In one instance, 25-year-old Anwar Adow started a company called Liberty Plus LLC, and claimed to serve around 200 beneficiaries and received $1.2 million in Medicaid funds. In federal court, Adow admitted he told his employees to bill as much as they could and “significantly overrepresented” the hours of service provided by his company, per the Minnesota Star Tribune.
He also said he spent Liberty Plus funds on a leased 2023 Mercedes Benz, as well as on his friends and his brother, Asad Adow.
$300M child-nutrition fraud saw funds spent on luxuries and bribery
Minnesota’s HSS program is not the only program mired in fraud allegations. In another $300 million scheme, seven people were engaged in a plan to exploit a federal child nutrition program meant to feed children affected by the COVID-19 pandemic, the DOJ says.
Abdimajid Mohamed Nur, 24, was sentenced to 10 years in prison and ordered to pay nearly $48 million in restitution, by the Department of Justice on Monday.
Feeding Our Future claimed to serve 18 million meals to Minnesota children at more than 30 distribution sites, but investigators found that no meals were served at many of the designated locations, which were “nothing more than parking lots or vacant commercial spaces,” the DOJ wrote.
Instead, Nur received nearly $1 million in fraudulent money and used it to buy jewelry in Dubai, a 2021 Dodge Ram pickup, a 2021 Hyundai Santa Fe and a honeymoon trip to the Maldives.
Nur also used the money to pay for an online college degree at Herzing University and paid $12,000 to a site called PayMeToDoYourHomework.com, per the Minnesota Star Tribune. The DOJ added, “Despite having graduated from Shakopee High School in 2019 with only a 1.75 GPA, Herzing University records show that Nur ‘earned’ his bachelor’s degree in less than three years with a 3.42 GPA.”
In July 2024, Nur pleaded guilty for his role in plotting to bribe a juror with a gift bag stuffed with $120,000 in cash.
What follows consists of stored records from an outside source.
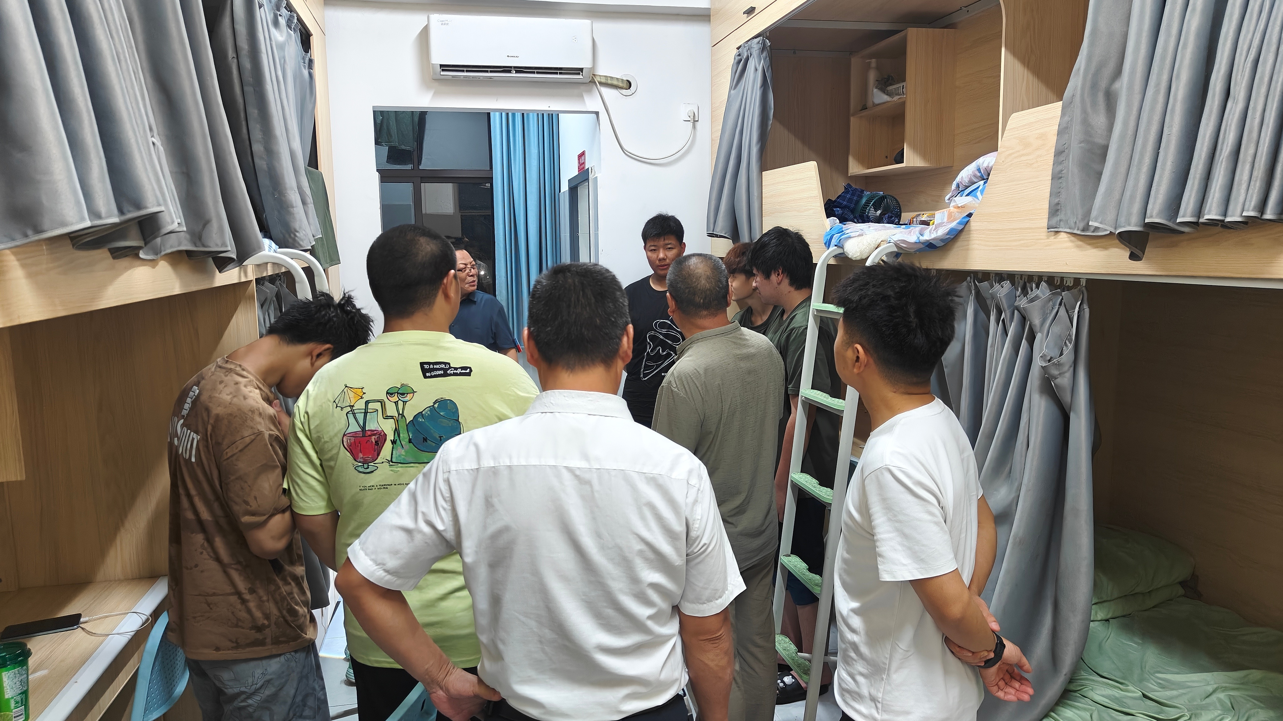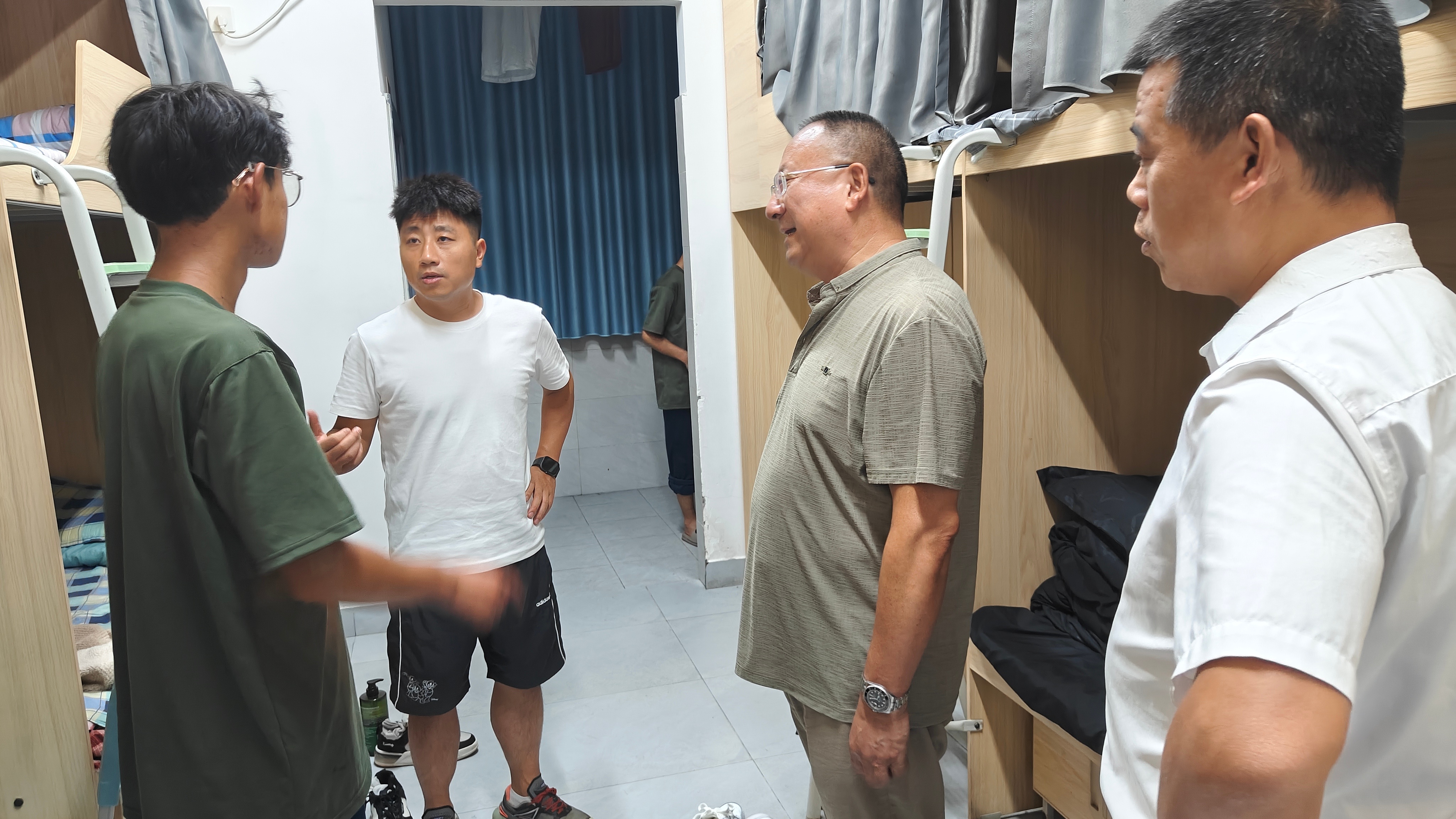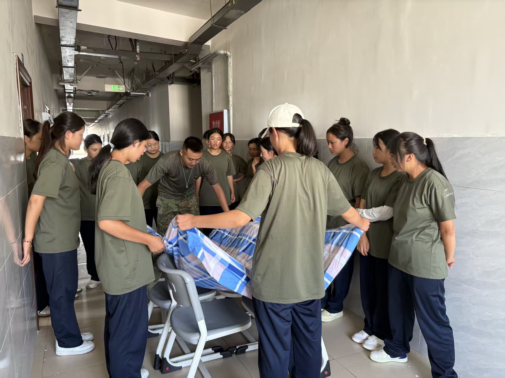 内务整理现场,教官手把手示范叠被:将被子平铺,先沿中线对折,手掌反复压出折痕;再捏边角上翻,指尖掐边捏出直角。片刻后,松散被子便成了方方正正的“豆腐块”。周围学生凑近围观,有人蹲在床边盯教官手势,不时小声问:“教官,折角要捏多紧呀?”
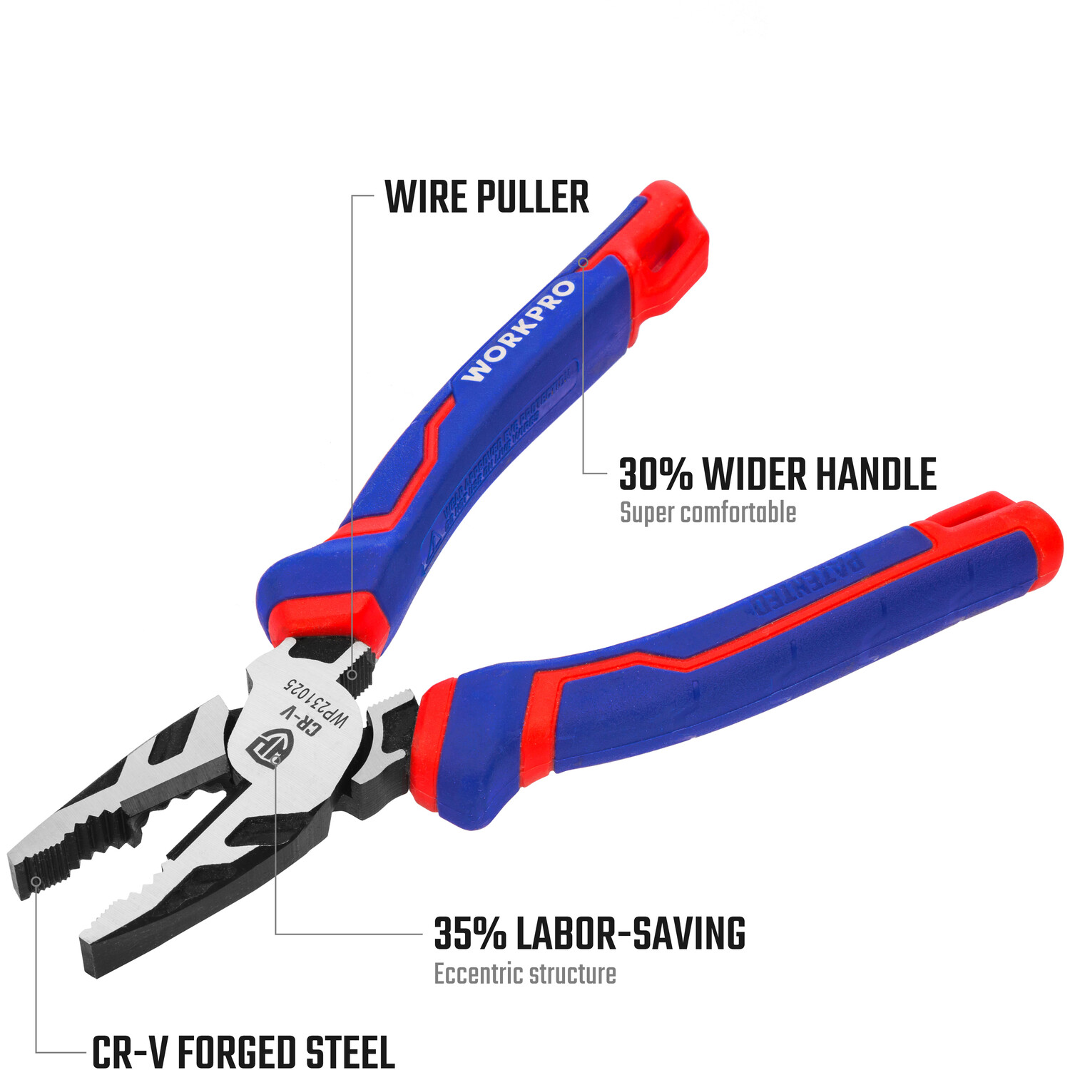 Experience convenience and functionality with the Workpro CR V Combination Pliers 180mm. Made using quality CR-V forged steel, these pliers are perfect for various tasks, right from professional to DIY needs. The pliers come with practically designed jaws to ensure a strong grip on wires, bolts, and other small components. Comfortable to use, it saves 30% of your labour and comes complete with easy grip handles for added ease. Whether you are a DIY enthusiast or a professional, this tool will make a fantastic addition to improve efficiency and get accurate results.
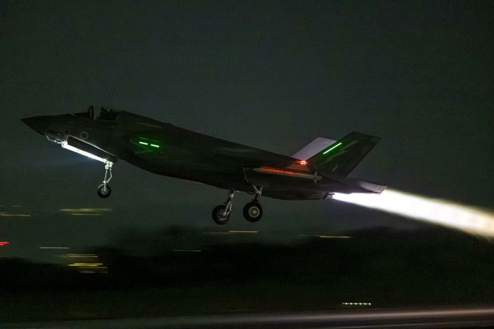 Image of an RAF F-35B aircraft, seen here taking off for operations throughout the Middle East. British aircraft are protecting UK personnel and allied nations across the Middle East by shooting down hostile drones. (Image credit: AS1 Joshua Whiting/Crown Copyright)
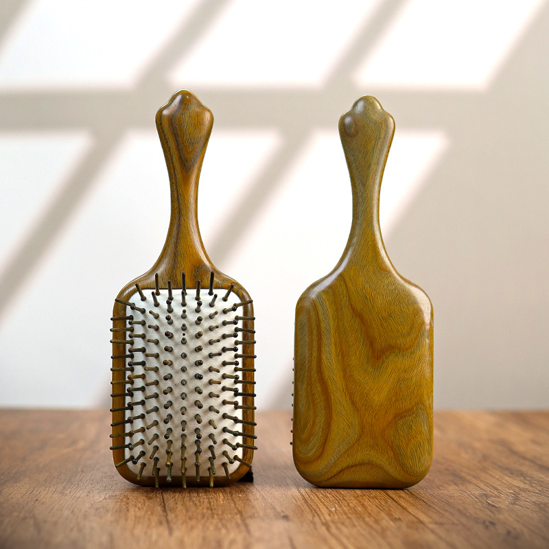 緑檀木エアクッションコーム、混合歯の大型コーム、頭部経絡マッサージコーム、家庭用ロングヘア用無垢材エアバッグコーム
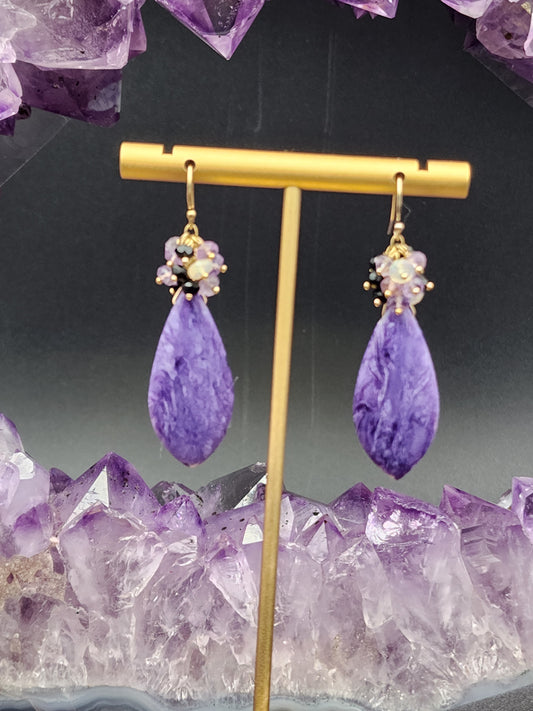 14K Gold-Filled Charoite, Black Tourmaline, Opal & Lavender Amethest Gemstone Earrings
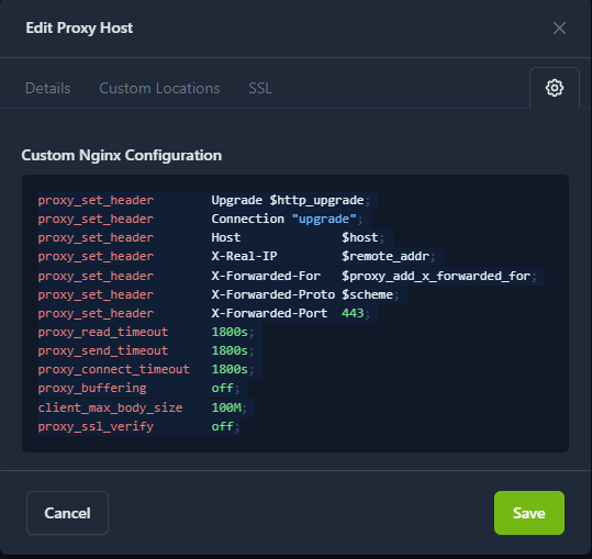 Jeśli używasz Nginx Proxy Manager to polecam w ustawieniach zaawansowanych przekierowania dodać poniższe parametry:

According to the Department of Justice, Nur gave 31-year-old Ladan Mohamed Ali $200,000 in cash to leave at the juror’s home, but she allegedly only delivered $120,000 and kept $80,000 for herself.
Investigators tracked Somalia-sent money to terror groups
A report by the Rift Valley Institute, an African nonprofit organization, found that around 40% of Somalian households receive remittances from abroad, and in 2023, Somalians living abroad sent $1.7 billion back home, per the Somalian news site Hiiraan. For some context, the Somalian government’s budget in 2023 was around $970 million.
Outside of Africa, the United States is home to the largest number of Somalians, followed by the U.K. and Sweden, per Pew Research Center. Within the U.S., Minnesota has the largest Somalian population of all the states.
A retired Seattle Police Department detective, who spent 14 years on a federal Joint Terrorism Task Force, told City Journal that his team found Somalis running a “sophisticated money network, spanning from Seattle to Minneapolis, and were routing significant amounts of cash on commercial flights from the Seattle airport to the hawala networks in Somalia.” They found that in one year, one network sent $20 million abroad.
Another former official for the Minneapolis JTTF, told City Journal that he believes money sent back to Somalia is benefitting the terrorist organization Al-Shabaab.
“For every dollar that is transferred from the Twin Cities back to Somalia, Al-Shabaab is ... taking a cut of it,” he said.